September 28, 1939: A trifecta for McKechnie, a pennant for Cincinnati
The Reds were on the brink. Twenty years removed from their only World Series championship, against the infamous Black Sox in 1919, Cincinnati was poised to become NL champions. Hosting the second-place St. Louis Cardinals in the final home game on the 1939 schedule, the Reds could clinch the pennant at Crosley Field by defeating their final championship rival. To win, however, one must score. And the Reds couldn’t score. Although Cincinnati won the first game in this series against St. Louis, the Reds had been shut out the last two outings when a win would have sealed the pennant. The day before, Cincinnati fell 4-0, pulling the Cardinals within 2½ games of the Reds with four games left for both teams. The Reds’ supporters were doing their part to get their team over the line, and this afternoon’s crowd of 17,241 added to the record-smashing 981,443 season attendance.

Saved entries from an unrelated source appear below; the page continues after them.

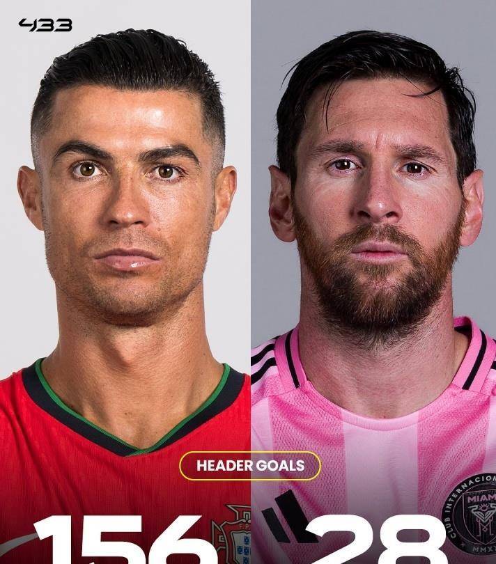 还有头球,C罗156个,梅西只有28个。 点球方面C罗进了178个,梅西111个。
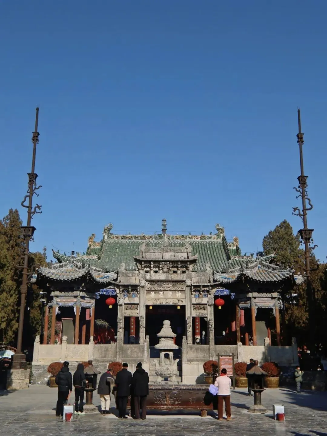 关帝庙门票免费,在印象中,这里更多的是本地香客虔诚祈福的地方。但是近年来,越来越多年轻人被这里的建筑艺术吸引而来,甚至庙前也逐渐形成了商业街区。临近春节,各种表演也开始了,好不热闹。
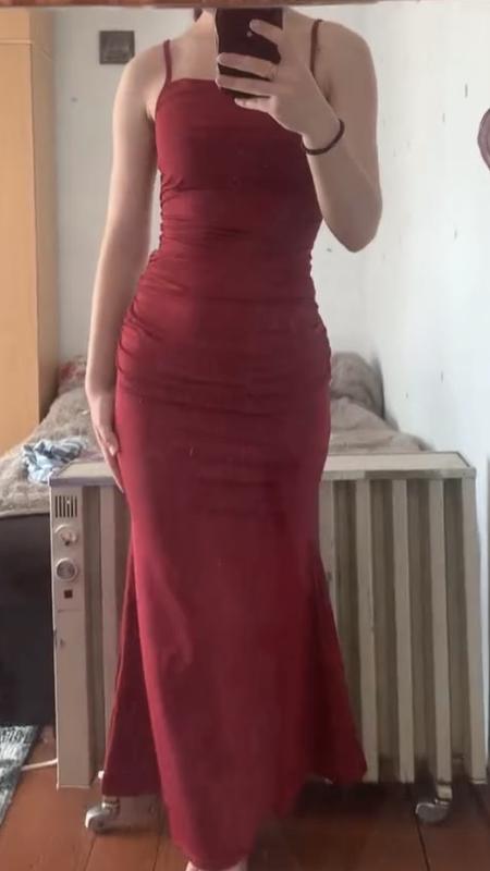 розмір S/M, сукня тягнеться, тому підійде на розмір M. стан новий, ідеальний, ні разу не носила, одягала лише для примірки, сукня міді, бордова
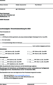 Bestellungen für Losholz und Schichtholz bei der Mark Mockstadt können mit dem beigefügten Bestellformular getätigt werden.
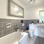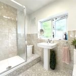The principal bedroom en-suite is super modern and stylish, offering a bath with mixer tap and shower attachment, a white vanity unit for storage, with wash basin and WC. The en-suite has easy to clean tiling around the wet areas, easy to manage flooring, and a frosted leaf-patterned open window to the rear elevation. There’s also a slimline electric towel ladder radiator.
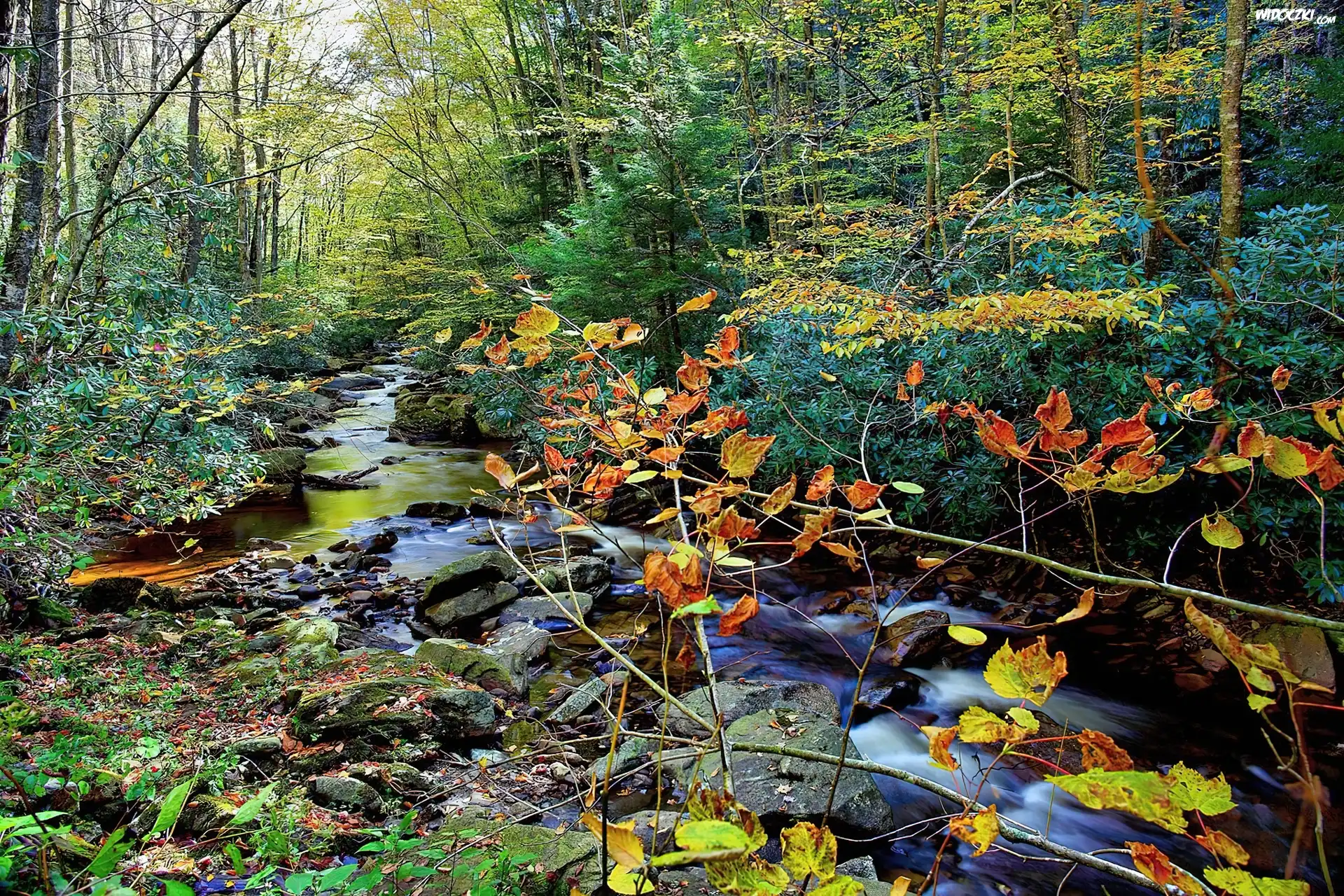 Zdjęcia, Rzeczka, Las, Jesień
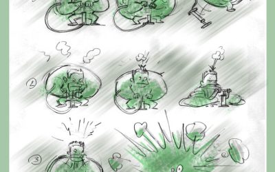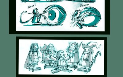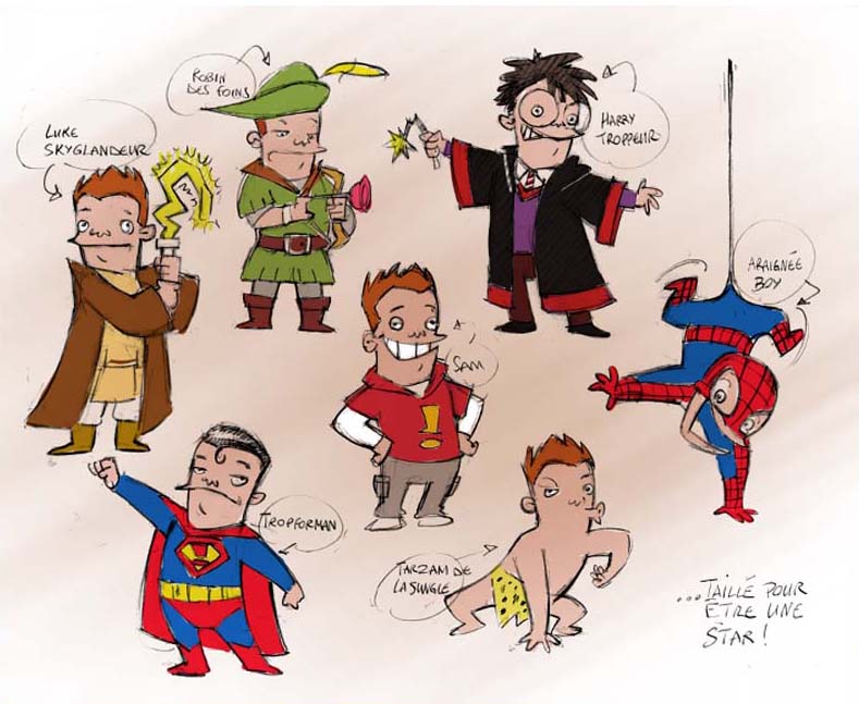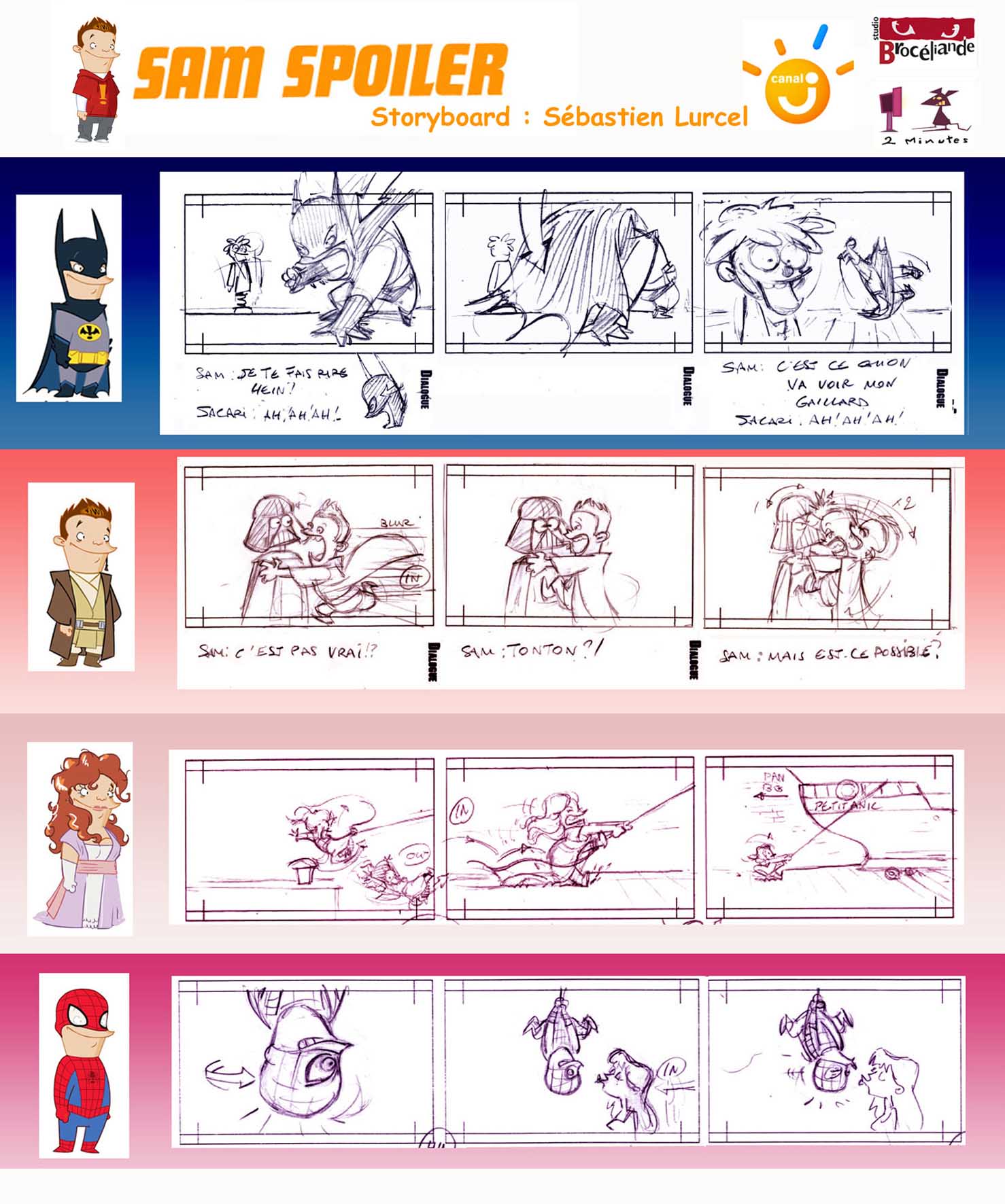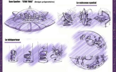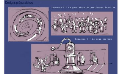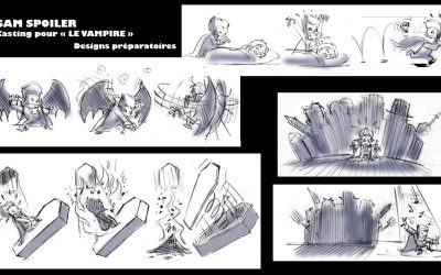 Je partage avec plaisir un aperçu de mon travail sur cette production où j’ai eu l’opportunité d’être à la fois co auteur, co designer et Storyboarder. Une série « rigolote », coproduite par 2 Minutes Angoulême et Studio Brocélliande : 20 épisodes d’1mn 15 crées en collaboration d’écriture avec Fabrice Ziolkowski et réalisée par Josselin Ronsse. Quelques planches d’études des recherches préparatoires, deux animatiques et un lien vers deux épisodes pour survoler cette série dont on aurait bien aimé voir une saison 2. C’était encore l’époque du « papier-crayon » , même si les technologies évoluent ça conserve son charme. Pour voir deux extraits de castings de Sam , rendez vous sur cette page portfolio de « 2 minutes animation ».
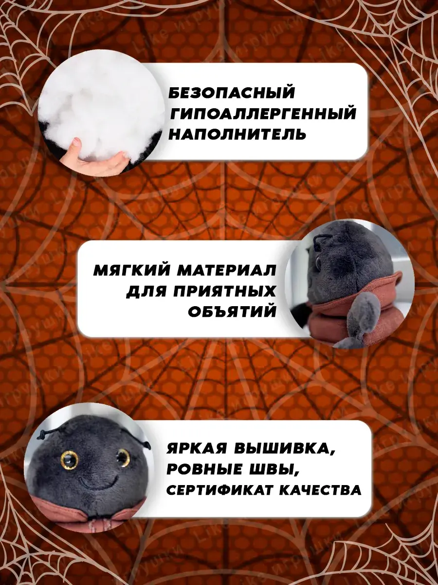Ее конструкция включает в себя множество деталей: текстурированные лапки и выразительные глазки, которые делают эту игрушку особенно привлекательной для детского восприятия. Мягкая поверхность паучка создает ощущение комфорта при обнимании, а также подходит для использования в качестве подушки или сплюшки.

To seal the pennant, Reds manager Bill McKechnie sent Paul Derringer to the mound; Derringer was riding a nine-game winning streak. McKechnie had overseen the remarkable turnaround in Cincinnati’s baseball fortunes. After finishing last in 1937, the Reds achieved a first-division finish in 1938 during McKechnie’s first season in charge. McKechnie was now one win away from becoming the first manager to win pennants with three different teams. Cardinals manager Ray Blades opted for rookie left-hander Max Lanier, recently called up from Columbus. Despite his inexperience, Lanier had gone the distance in defeating Brooklyn and Chicago in his two previous outings.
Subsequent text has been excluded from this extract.